Editorial: Constructive approach to spatial cognition in intelligent robotics

Taniguchi, Akira; Spranger, Michael; Yamakawa, Hiroshi; Inamura, Tetsunari

doi:10.3389/fnbot.2022.1077891

EDITORIAL article

Front. Neurorobot., 15 November 2022

Volume 16 - 2022 | https://doi.org/10.3389/fnbot.2022.1077891

This article is part of the Research TopicConstructive Approach to Spatial Cognition in Intelligent RoboticsView all 6 articles

Editorial: Constructive approach to spatial cognition in intelligent robotics

Akira Taniguchi¹^*

Michael Spranger²

Hiroshi Yamakawa^3,4,5

Tetsunari Inamura^6,7

¹College of Information Science and Engineering, Ritsumeikan University, Kyoto, Japan
²Sony Computer Science Laboratories, Tokyo, Japan
³The Whole Brain Architecture Initiative, Tokyo, Japan
⁴School of Engineering, The University of Tokyo, Tokyo, Japan
⁵Center for Biosystems Dynamics Research, Institute of Physical and Chemical Research (RIKEN), Osaka, Japan
⁶Principles of Informatics Research Division, National Institute of Informatics, Tokyo, Japan
⁷Department of Informatics, The Graduate University for Advanced Studies, SOKENDAI, Tokyo, Japan

Editorial on the Research Topic
Constructive approach to spatial cognition in intelligent robotics

1. Introduction

For agents operating in the real world, spatial reasoning and understanding of the spatial properties of the environment are important abilities for executing tasks related to spatial movement (Kostavelis and Gasteratos, 2015; Garg et al., 2020). Agents can perform various tasks by acquiring and utilizing the semantic and linguistic knowledge related to place and object locations. Current research on spatial reasoning and semantic understanding in robots is important for realizing self-localization with uncertainty in the real world and planning with human–robot interactions. It is also closely related to a constructive approach to brain-inspired AI related to spatial cognition represented by the hippocampal formation (Tolman, 1948; O'keefe and Nadel, 1978).

In this Research Topic, we address the interdisciplinary fusion of knowledge of artificial intelligence, robotics, cognitive development, and neuroscience in spatial cognition and spatial reasoning. For example, in the fusion area of natural language processing and computer vision, research on vision-and-language navigation (VLN) has recently been implemented (Anderson et al., 2018; Chen et al., 2021).

However, few studies have applied VLN technology to real-world robots. In the future, a VLN that operates in a real environment will be a necessity. Additionally, in robotics AI, referring to the cognitive and neuroscientific findings of concept formation related to place and spatial language acquisition would be useful. To achieve this, a constructive approach using robots operating in the real world would be effective (Asada et al., 2009; Cangelosi and Schlesinger, 2015; Taniguchi et al., 2019).

This Research Topic was widely assembled from fundamental to applied research, which is related to spatial reasoning using robots and semantic understanding including language interaction and in the fusion area of artificial intelligence, such as machine learning, robotics, and computational neuroscience. These papers contribute to advancing the field on the technical side, for example, semantic mapping, place recognition, and navigation for performing tasks including spatial movement. Additionally, some studies contribute to computational models related to spatial reasoning, such as referring to hippocampal formation and spatial cognitive capabilities. Furthermore, the focus is on contributions to cutting-edge machine learning for use in the above aspects.

2. About the Research Topic

We are pleased to present five research articles related to spatial relation learning, spatial concept formation, bio-inspired models, localization, and navigation. In this section, we briefly introduce each paper.
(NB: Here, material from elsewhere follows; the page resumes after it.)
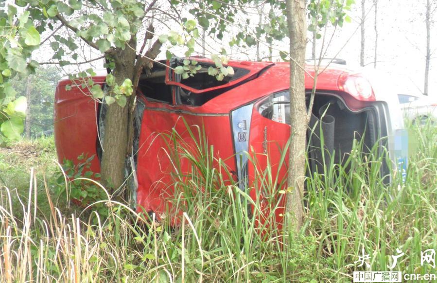 據(jù)司機(jī)張某介紹,當(dāng)日下午他正載著四位乘客沿通江大道往蕪湖市送客,車至事發(fā)路段時(shí),突然看到車子前方有一只流浪狗跑過,距離很近。張某頓時(shí)嚇了一跳,連忙猛打方向,接著就踩剎車。沒想到,這一腳剎車踩下去,車子頓時(shí)側(cè)翻并打了個滾。他們從車?yán)锱莱鰜頃r(shí),發(fā)現(xiàn)車子已經(jīng)滾到路邊撞倒行道樹上。
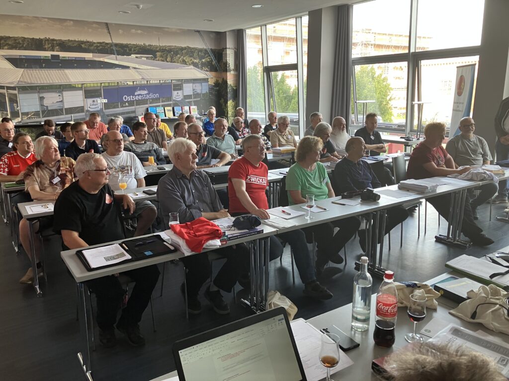 Im Verlauf der Jahreshauptversammlung 2025 in Rostock hatte am 19.09.25, 15:30 Uhr, der Regionalleiter Nordost, Hans-Dieter Brüssow, zu einem IT-Workshop in den Tagungsraum „Ostseestadion“ im Hotel eingeladen. Gedacht war dieser Workshop für die Regionalgruppe Nordost um Besonderheiten im Umgang mit digitalen Hilfsmitteln zu erörtern. Über 20 Vereinsfreunde nahmen teil, darunter auch viele aus anderen Regionalgruppen, die selbstverständlich herzlich eingeladen waren. Unsere Regionalgruppe war vertreten – in alphabetischer Reihenfolge – durch: Ralf Härtwig, Kalle Latussek, Daniel Ledderbohm, Andreas Müller, Jürgen Reiff, Matthias Riemann, Arndt Rückert, Roland Schmidt, Torsten Schmidt und Uwe Schmidt. Sehr gefreut haben wir uns über den Besuch unserer beiden Datenbankexperten Bernd Timmermann und Bernhard Nather sowie allen Teilnehmern, die sich für den nordostdeutschen Fußball interessieren.

Autonomous mobile robots and self-driving vehicles require accurate and reliable self-localization to handle dynamic environments. Colomer et al. address the problem of visual location awareness using a neuro-cybernetic approach. The proposed method is a biologically-inspired neural network called the log-polar max-Pi (LPMP) model. In particular, the visual–spatial processing associated with the hippocampus and entorhinal cortex is referenced. A mechanism is constructed to integrate information from two parallel pathways, the “what” and “where” pathways of the visual cortex. The localization performance is evaluated in a road environment, demonstrating its usefulness compared to conventional methods.

Grid cells in the medial entorhinal cortex of the mammalian brain are essential for the path integration and representation of the external world (Hafting et al., 2005; McNaughton et al., 2006). However, it has been argued that few models explain the formation of various grid-field structures in recent relevant studies. To fill this gap, Gong and Yu propose an interpretative plane-dependent model of 3D grid cells to represent both 2D and 3D spaces. The proposed method comprises a spatial transformation using 6-DOF motion and a recurrent neural network (RNN) for 3D grid cells. In simulation experiments, a representation similar to that of hexagonal grid cells is reported to be obtained. The results validate the hypothesis that “grid fields gradually lose global but not local order as the refresh interval decreases.”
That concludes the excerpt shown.